Make it easy for healthcare providers to report suspected identity theft. Just as a credit bureau will freeze a consumer’s credit file in a case of potential identity theft, healthcare payers should also make it easy for a healthcare provider to freeze his enrollment changes to prevent a meaningful share of the losses.
Share signals across healthcare payers for greater visibility. Fraudsters will use stolen NPI across Medicare, Medicaid, and several commercial healthcare payers at the same time, which is invisible to each of them individually. But cross-payer visibility makes it harder for the crooks to exploit the system.
The Uncomfortable Part of Billing Identity Theft
The crime is pretty easy. So easy that a reporter at The Atlanta Journal-Constitution accomplished it with inexpensive software and a public list of UPS Store addresses to find 131 CMS-registered providers in Atlanta who were using UPS Store mailboxes as their practice address. In his own Nick Shirley moment, this one reporter looking into the problem in one city was able to expose a flaw in the CMS provider enrollment process that failed to tell the difference between a real practice and a mail drop.

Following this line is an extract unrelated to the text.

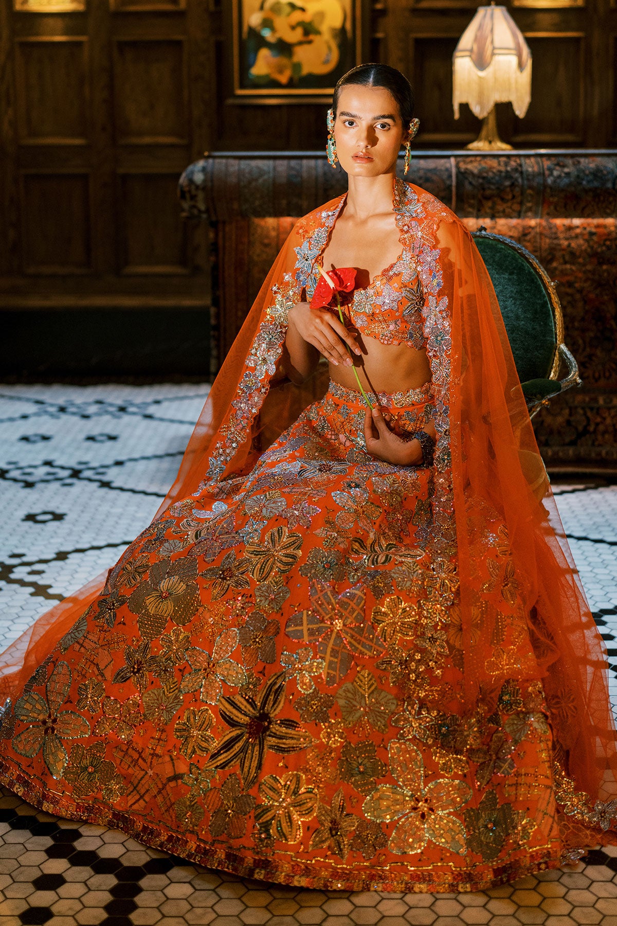 Matilda Orange Printed Embellished Kasab Satin Lehenga With Blouse And Tulle Dupatta

The penalties for healthcare providers who are victims of identity theft reduce their incentive to be a victim. Healthcare providers do not want the stigma of being a victim of fraud as it leads to all of the other hassles that potentially jeopardize their business. However, that can mean that healthcare providers who are victims of identity theft are incentivized to just ignore it rather than raise their hand and become tainted by association.. This is bad for fraud-fighting healthpayers, and good for fraudsters, as these silent providers prevent fraud data points from being created to help the healthpayers in their fight against fraud.
Healthcare payers need to stop treating NPIs as guilty until proven innocent. Payers need to build a process to tell the difference between providers who are fraudsters and providers who are victims.
Closing Thought
Past columns have addressed how the fraud supply chain exploits healthcare beneficiaries. This one exposed how it exploits providers too. Healthcare keeps treating identity theft as something that happens to patients. Fraudsters figured out a long time ago that it happens to providers just as easily — and we still haven’t caught up.